German-American socialist writer and anti-fascist activist (1871–1950)

Luiz Heinrich Mann (/de/; March 27, 1871 - March 11, 1950), best known as simply Heinrich Mann, was a German-American writer known for his sociopolitical novels. From 1930 until 1933, he was president of the fine poetry division of the Prussian Academy of Arts. His fierce criticism of the growing Fascism and Nazism forced him to flee Germany after the Nazis came to power during 1933. He was the elder brother of writer Thomas Mann.

==Early life==
Born in Lübeck, as the first child of Senator Thomas Johann Heinrich Mann, grain merchant and finance minister of the Free City of Lübeck, a state of the German Empire, and Júlia da Silva Bruhns. He was the elder brother of the writer Thomas Mann with whom he had a lifelong rivalry. The Mann family was an affluent family of grain merchants of the Hanseatic city of Lübeck. After the death of his father, his mother relocated the family to Munich, where Heinrich began his career as a freier Schriftsteller (free writer). In 1914, he married a Czech actress, Maria "Mimi" Kanova. They divorced in 1930. Mimi, being Jewish, died from the consequences of a five-year detention in the concentration camp Theresienstadt.

==Work and exile==
Mann's essay on Émile Zola and the novel Der Untertan (published over the years 1912–1918) earned him much respect during the Weimar Republic in left-wing circles, since they demonstrated the author's antiwar and defeatist stance during World War I, while the latter satirized Imperial German society; both the novel and the essay became a major impulse for Thomas Mann to write Reflections of a Nonpolitical Man, a work supporting the efforts of the German Empire in the war and condemning Heinrich as one of "Civilisation's Literary Men" (Zivilisationsliteraten), the writers who served the West in its struggle against German culture; later Thomas called the novel an example of "national slander" and "ruthless aestheticism", yet the novel had admirers such as Kurt Tucholsky. During the revolution, Heinrich became a major supporter of Kurt Eisner, a social democrat revolutionary who proclaimed Bavaria a Socialist republic; after Eisner's assassination by a far-right activist, Mann spoke at Eisner's funeral.

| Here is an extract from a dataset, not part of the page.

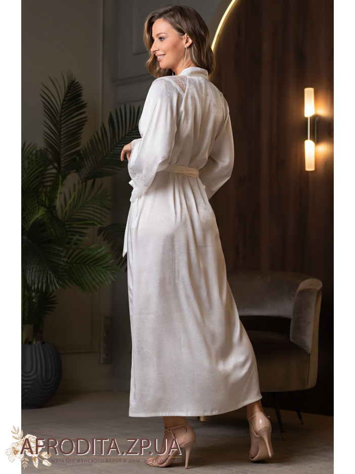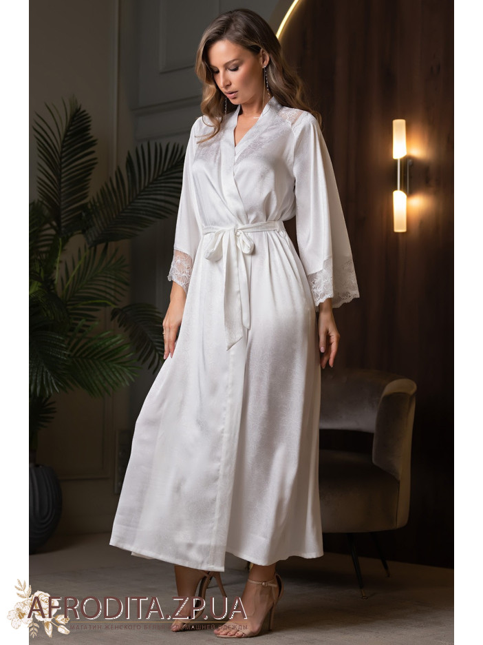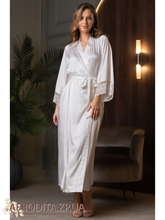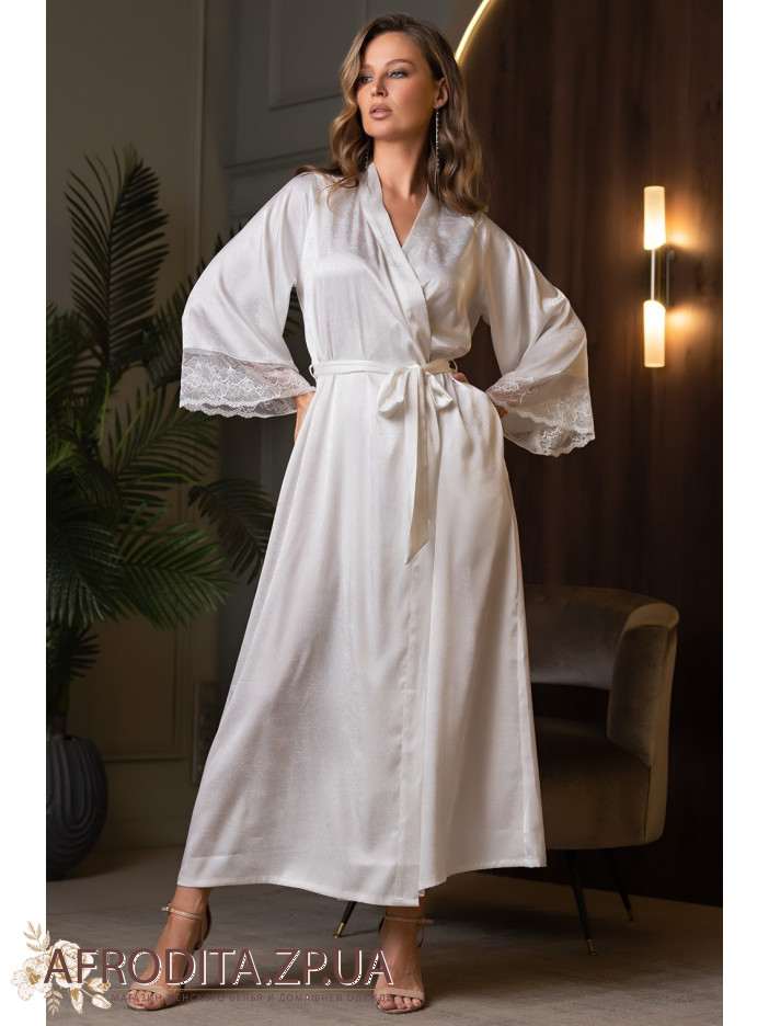 Элегантный длинный халат Мелани 7279 Mia-Amore с длинными широкими рукавами, выполнен из однотонного искусственного шелка на жаккардовой основе и дополнен кружевными вставками, расположенными по верху и низу рукавов. С обеих сторон расположены карманы.

Later, in 1930, his book Professor Unrat was freely adapted into the movie Der Blaue Engel (The Blue Angel). Carl Zuckmayer wrote the script, and Josef von Sternberg was the director. Mann wanted his paramour, the actress Trude Hesterberg, to play the main female part as the "actress" Lola Lola (named Rosa Fröhlich in the novel), but Marlene Dietrich was given the part, her first sound role. The film helped her achieve her breakthrough, including in Hollywood, and became an icon movie in film history.

Together with Albert Einstein and other celebrities during 1932, Mann was a signatory to the "Urgent Call for Unity", asking voters to reject the Nazis. Einstein and Mann had previously co-authored a letter during 1931 condemning the murder of Croatian scholar Milan Šufflay.

Mann became persona non grata in Nazi Germany and left before the Reichstag fire of 1933. He went to France where he lived in Paris and Nice. During the German occupation of France, he made his way to Marseille, from where Varian Fry helped him escape to Spain in September 1940. Assisted by Justus Rosenberg, Mann and his wife Nelly Kröger, nephew Golo Mann, and friends Alma Mahler-Werfel and Franz Werfel hiked for six hours, finally crossing the border at Port Bou. After arriving in Portugal, the group stayed in Monte Estoril at the Grande Hotel D'Itália between September 18 and October 4, 1940. On October 4, 1940, they boarded the S.S. Nea Hellas, headed for New York City.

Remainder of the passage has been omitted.